### Exercise data

== Segment start ==

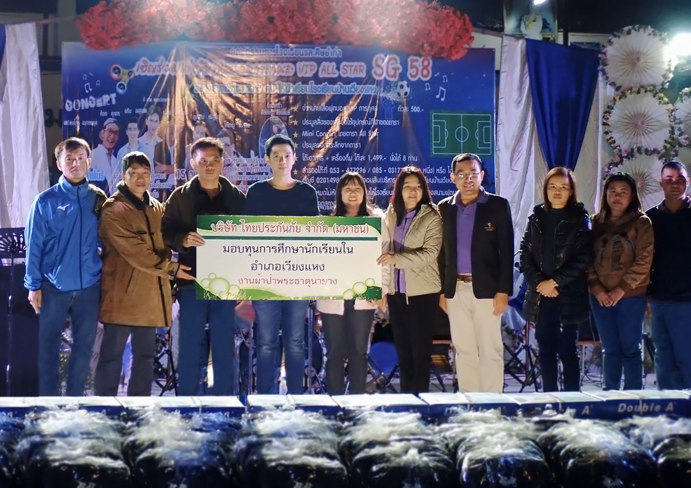 13 มีนาคม 2563 : ดร.มหัทธนะ อัมพรพิสิฏฐ์ กรรมการผู้จัดการ บริษัท ไทยประกันภัย จำกัด (มหาชน) พร้อมคณะผู้บริหารและพนักงาน TIC ไทยประกันภัย มอบทุนการศึกษาและอุปกรณ์การเรียนให้กับนักเรียนในอ.เวียงแหง จ.เชียงใหม่ พร้อมร่วมกิจกรรมเตะฟุตบอลกระชับมิตรกับเยาวชน สร้างความสนุกสนานและความประทับใจแก่คนในชุมชน
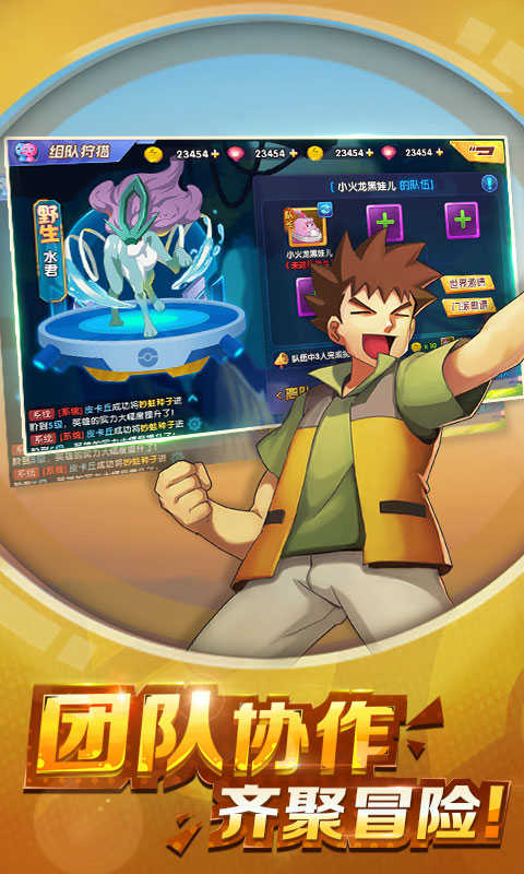 1、团队协作一同冒险,与其他的训练家组成队伍,一起挑战更加神秘危险的领域;
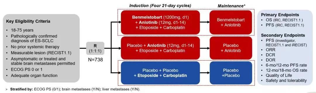 在一項隨機、雙盲、平行對照、多中心III期的ETER701研究臨床中,既往未經系統治療的ES-SCLC患者 1:1:1 隨機分為三組,分別接受貝莫蘇拜單抗+安羅替尼+依托泊苷+卡鉑后采用貝莫蘇拜單抗+安羅替尼維持、接受安慰劑+安羅替尼+依托泊苷+卡鉑后采用安慰劑+安羅替尼維持、接受安慰劑+依托泊苷+卡鉑后采用安慰劑維持。主要終點為獨立影像評估委員會(IRC)評估的總生存期(OS)及無進展生存期(PFS),次要終點包括研究者評估的PFS、客觀緩解率(ORR)、疾病控制率(DCR)、緩解持續時間(DOR)及安全性等。

== Segment end ==

Pictures aside, transcribe exactly the lines from the line containing "1、团队协作一同冒险,与其他的训练家组成队伍,一起挑战更加神秘危险的领域;" through the final line of the material above.

 1、团队协作一同冒险,与其他的训练家组成队伍,一起挑战更加神秘危险的领域;
 在一項隨機、雙盲、平行對照、多中心III期的ETER701研究臨床中,既往未經系統治療的ES-SCLC患者 1:1:1 隨機分為三組,分別接受貝莫蘇拜單抗+安羅替尼+依托泊苷+卡鉑后采用貝莫蘇拜單抗+安羅替尼維持、接受安慰劑+安羅替尼+依托泊苷+卡鉑后采用安慰劑+安羅替尼維持、接受安慰劑+依托泊苷+卡鉑后采用安慰劑維持。主要終點為獨立影像評估委員會(IRC)評估的總生存期(OS)及無進展生存期(PFS),次要終點包括研究者評估的PFS、客觀緩解率(ORR)、疾病控制率(DCR)、緩解持續時間(DOR)及安全性等。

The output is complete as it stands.